Exercise aim
Your answer must consist only of the lines from the start of the entries through the line that holds "Sl. 2. Zlatni nakit sa predstavom Zeusa", copied exactly, with no pictures.

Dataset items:
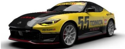
「日産 フェアレディ Z NISMO トミカ55周年記念仕様」

デザイン：株式会社テクノアートリサーチ (トヨタ自動車株式会社の国内デザイン拠点)
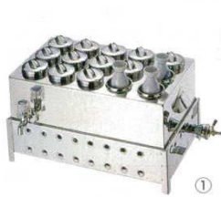
① 燗ドーコ 18-8 EBM (マッチ点火)
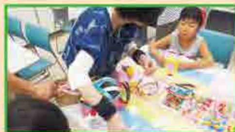
どんなカチューシャが出来るかな？
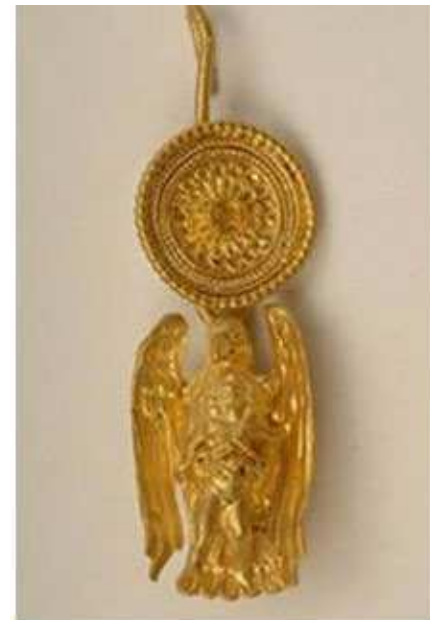
Sl. 2. Zlatni nakit sa predstavom Zeusa

Nisu samo muzeji bili ti koji su otuđili predmete od svog matičnog mjesta. Česti su bili i uplivi privatnih lica željnih ovog bogatstva. Zlatni nakit koji je pronađen u Budvanskoj nekropoli danas je većinom u privatnom vlasništvu, dok se jedan dio nalazi u Arheološkom muzeju u Budvi. Obrada nakita govori da je urađen u helenističkoj radionici Velike Grčke ( Magna Graecia ) u trećem vijeku prije naše ere. Dva medaljona sa likovima Dionizijevog kulta, od kojih jedan prikazuje Arijadnu čija je kosa dekorisana bršljenovim
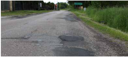
Na ul. Brzowej zostanie wykonana nowa nawierzchnia jezdni

WKRÓTCE ROZPOCZNĄ SIĘ PRACE BUDOWLANE ZWIĄZANE Z PRZEBUDOWĄ DROGI ORAZ BUDOWĄ KANALIZACJI SANITARNEJ NA UL. BRZOWEJ W MALINOWICACH.
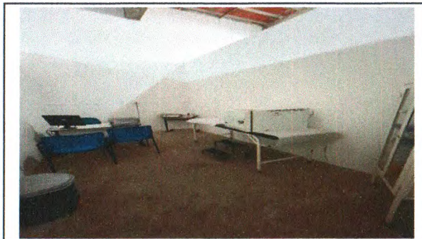
ALVENARIA DE BLOCO, CHAPISCO, REBOCO E EMASSAMENTO E PINTURA DE BANCADA E PAREDES
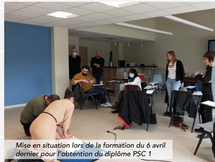
Mise en situation lors de la formation du 6 avril dernier pour l'obtention du diplôme PSC 1

Prochaine formation le 4 juin à Vigy, plus de renseignements sur afprappli.com
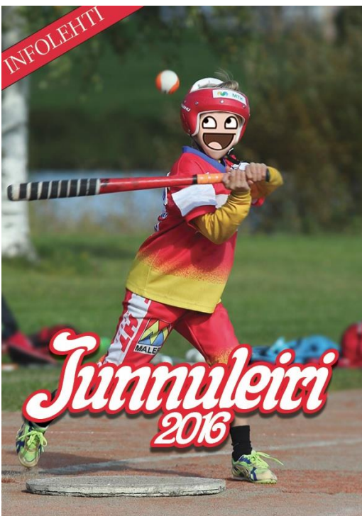
KUVA 8. Ensimmäinen vedos.

Alusta asti kannessa haluttiin nähdä pesäpalloilija, sekä kannesta haluttiin saada enemmän piirrosmainen kuin realistinen. Viime vuosina järjestetyiltä leireiltä otetuista valokuvista saatiin käyttöön materiaalia, joita hyödynnettiin kannessa. Pelaajan piirtäminen käsin vektorigrafiikalla olisi vaatinut useita työtunteja, joten päätettiin tehdä kuvan jäljennös vektoriksi, joka nopeutti työtä huomattavasti, mutta aiheutti lisää ongelmia. Ensinnäkin kasvot eivät olleet enää miellyttävät ja niitä ei saanut automatisoidun toiminnon avulla järkeviksi. Kuva päätettiin viedä Photoshop-ohjelman kautta kanteen siten, että kasvot hiottiin sileiksi ja siihen lisättiin internet meemeistä tuttu hymiö. Tämä ei toiminut, sillä kantta ei voitu ottaa vakavasti ja näin tämä vedos joutui roskakoriin. Kyseessä olevien vedosten yksinkertaisuus ja rumuus heijastivat amatöörimaisuutta, joten niistä luovuttiin (KUVA 8). Samaan vedokseen kuitenkin tehtiin erilaisia kokeiluja, esimerkiksi otsikointia ja miten eri kirjasimet toimisivat kannessa (KUVA 9).

Answer to the problem
「日産 フェアレディ Z NISMO トミカ55周年記念仕様」

デザイン：株式会社テクノアートリサーチ (トヨタ自動車株式会社の国内デザイン拠点)
① 燗ドーコ 18-8 EBM (マッチ点火)
どんなカチューシャが出来るかな？
Sl. 2. Zlatni nakit sa predstavom Zeusa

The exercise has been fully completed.